Language Journal: July 25th 2020

Today's post is about thoroughness.

As I've said before, I feel like it is harder in Japanese to reach an acceptable level of fluency for even basic interactions, but once there, it seems easier to go from there to a higher level of fluency than it would elsewhere.

In short, I don't think Japanese is either easier or tougher than any other language. At least, not as a generalization. It depends a lot on your specific goals I think.

I've been over this before however, and it isn't my point today. Instead, today's point is to grow on that. I feel like I'm past that basic level. But, the very thing which made attaining it harder, and then easier, is now, again playing to my monkey brain to make it harder again; Kanji.
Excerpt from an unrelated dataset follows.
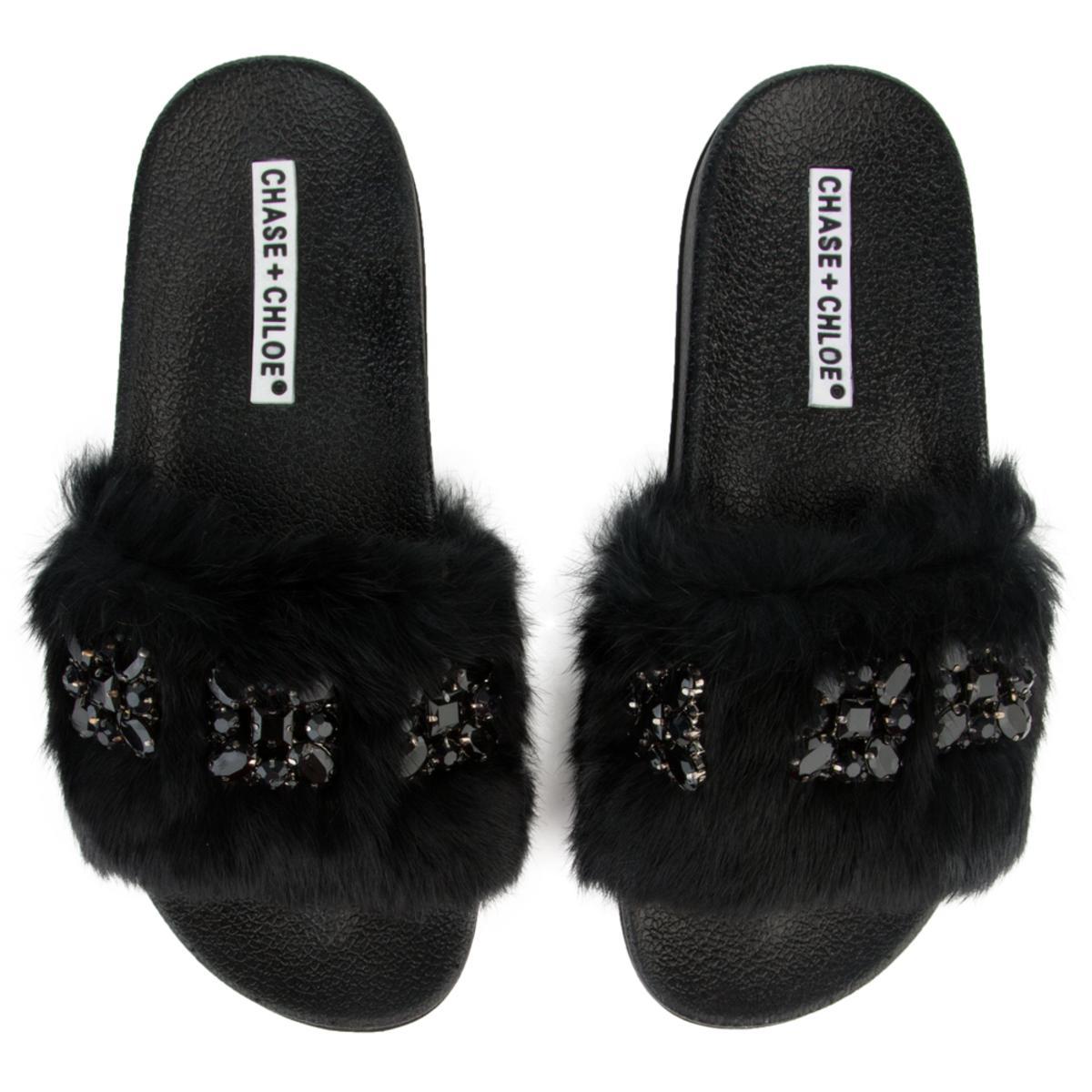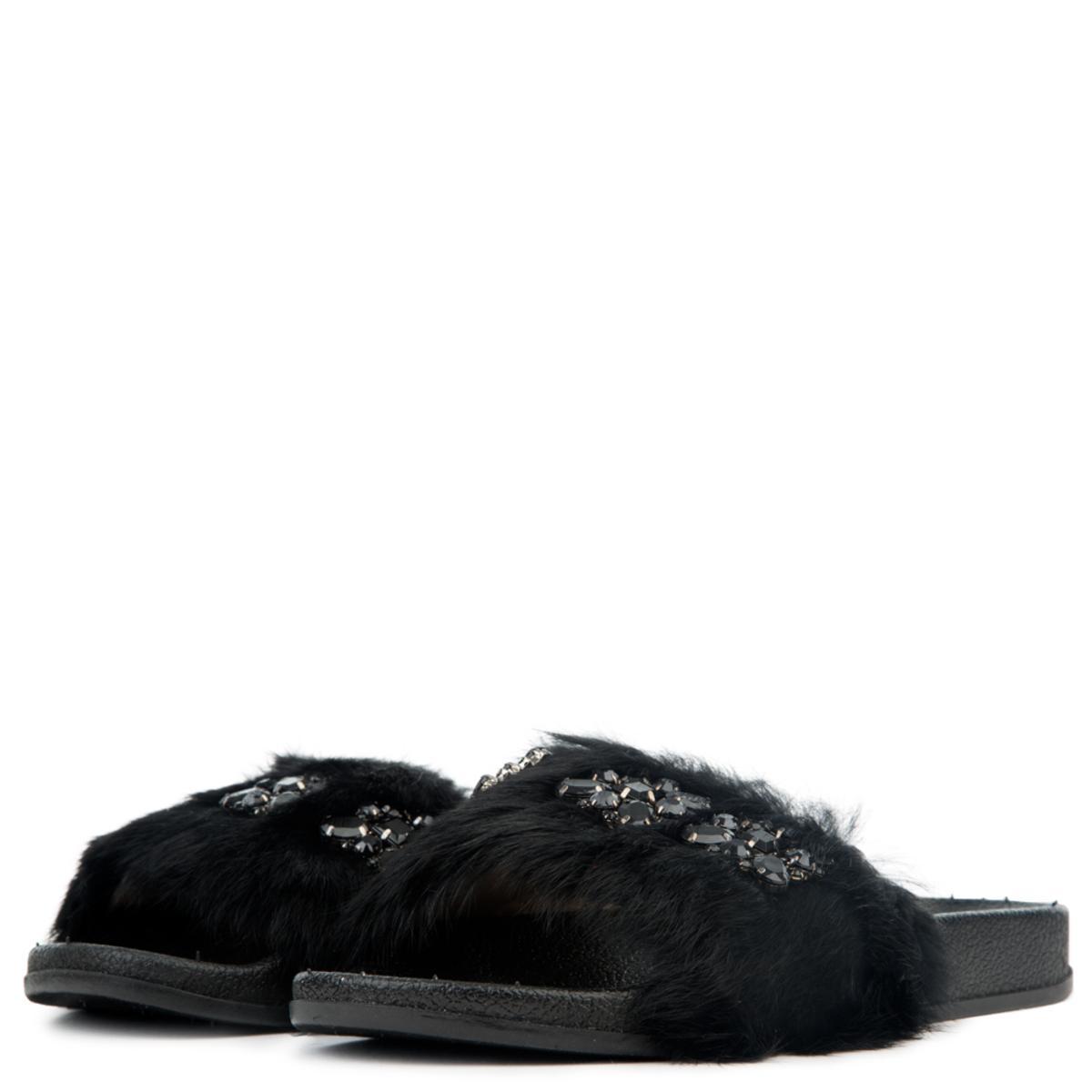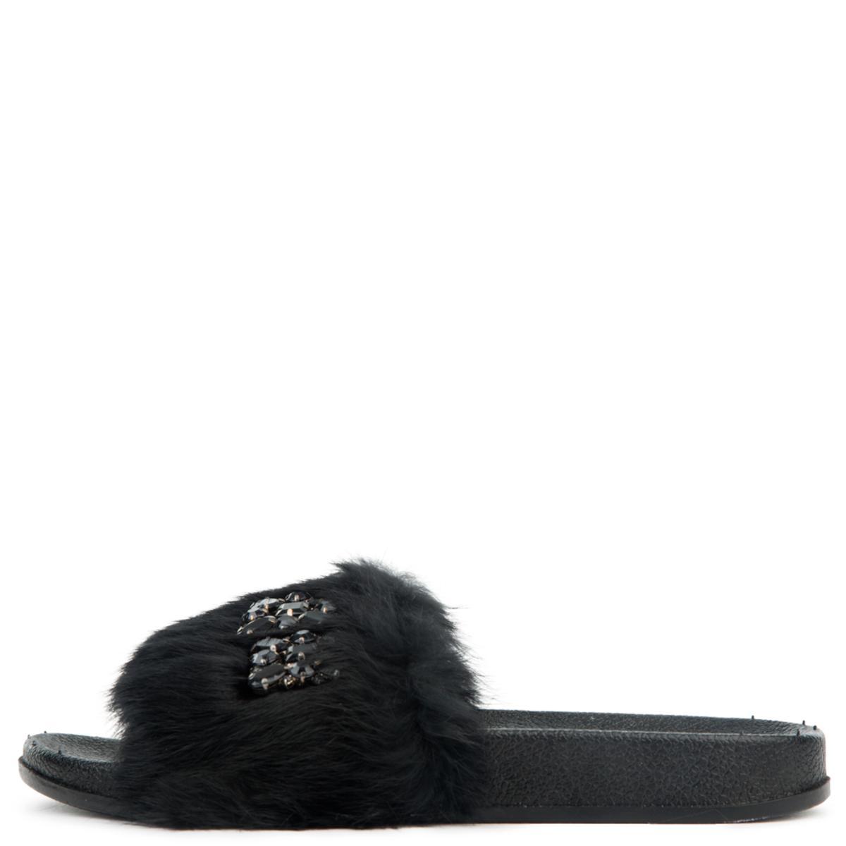 Slide into these comfortable faux fur slides, they come with jeweled detailing. Perfect to dress them ether up or down!

I'm actually doing quite well in the past bit I think. It is still quite humbling just how massive and complex language actually is. And I don't think you can truly appreciate this if you don't try to learn a language as an adult. And preferably a language with little to no relation to the one(s) you already know.

But, the problem I'm grappling with is that I'm not really done my Anki deck. I am done the new cards. However, as I try to force it into submission and whittle it down to as few cards a day as possible I'm realizing that I'm getting lazy and allowing myself to get away with simply Kanji mistakes. Letting an incorrect reading slip by, or mistaking it for another similar Kanji.

Granted, this isn't new. I did the same thing while I still had new cards. Though, I only ever let myself slide if the mistake was on something which didn't totally ruin the sentence, and wasn't the target word.

Now I have no new cards though. I should be adding my own cards and drilling myself thoroughly on the one I have. The problem would be a lot more obvious I think in another language. If you get the word wrong, you get it wrong. In Japanese it isn't so simple. 明日 ("tomorrow") can be pronounced in at least 3 ways I can think of right now "ASU", "ASHITA" and (for the love of God why) "MYOUNICHI".

So, once can be forgiven if they pronounce a word TOTALLY wrong. As long as you pronounce it totally wrong within certain constraints of course. In fact, I've once pronounced a word wrong, checked it in the dictionary and discovered that, actually, the way I pronounced was in fact a valid reading. Just not the common one.

Similarly, I've often guessed the TOTALLY wrong word. Not just an alternate reading or an incorrect reading based on actual readings of Kanji. Because Kanji impart meaning, you can, in Japanese, say a completely different word and still get the right meaning. For instance 批評 and 批判 ("HIHYOU" and "HIHAN"). You can see that while both words have the same first Kanji and similar second Kanji, they are actually different words. But, the meaning of both can be 'criticism'.

In English, the odds of making this sort of mistake fundamentally don't exist. While pronunciation of English letters isn't always the most rational, the rules are much stricter than they are for Kanji. And, the letters themselves have no particular meaning. And so it is rare for synonyms to have spellings as similar looking as those for the two 'criticism' examples.

And, yeah, "tomorrow" is just cray-cray. Not only is that 3 different readings, but MYOUNICHI is actually 4 syllables in length in Japanese meaning all three differ in number of syllables too. AND the readings for 日 in the two shorter ones, while they are the more common readings for that word, are not even accepted readings for that Kanji.

That link has the readings in Hiragana and Katakana, so to break it down in a more readable form, the readings for 日 are for the Japanese (or "Kun") readings  "HI", "~BI", "~KA", and the Chinese readings are "NICHI" and "JITSU". Presumably, the "ASU" and "ASHITA" are simply vestiges from before the Chinese tried to introduce their language, and this probably only stuck because it is such a common word. 

So, the rut I'm stuck in now is I'm forced to force myself to stop slacking off. The little mistakes can't be tolerated any more. I need to take this to the next level.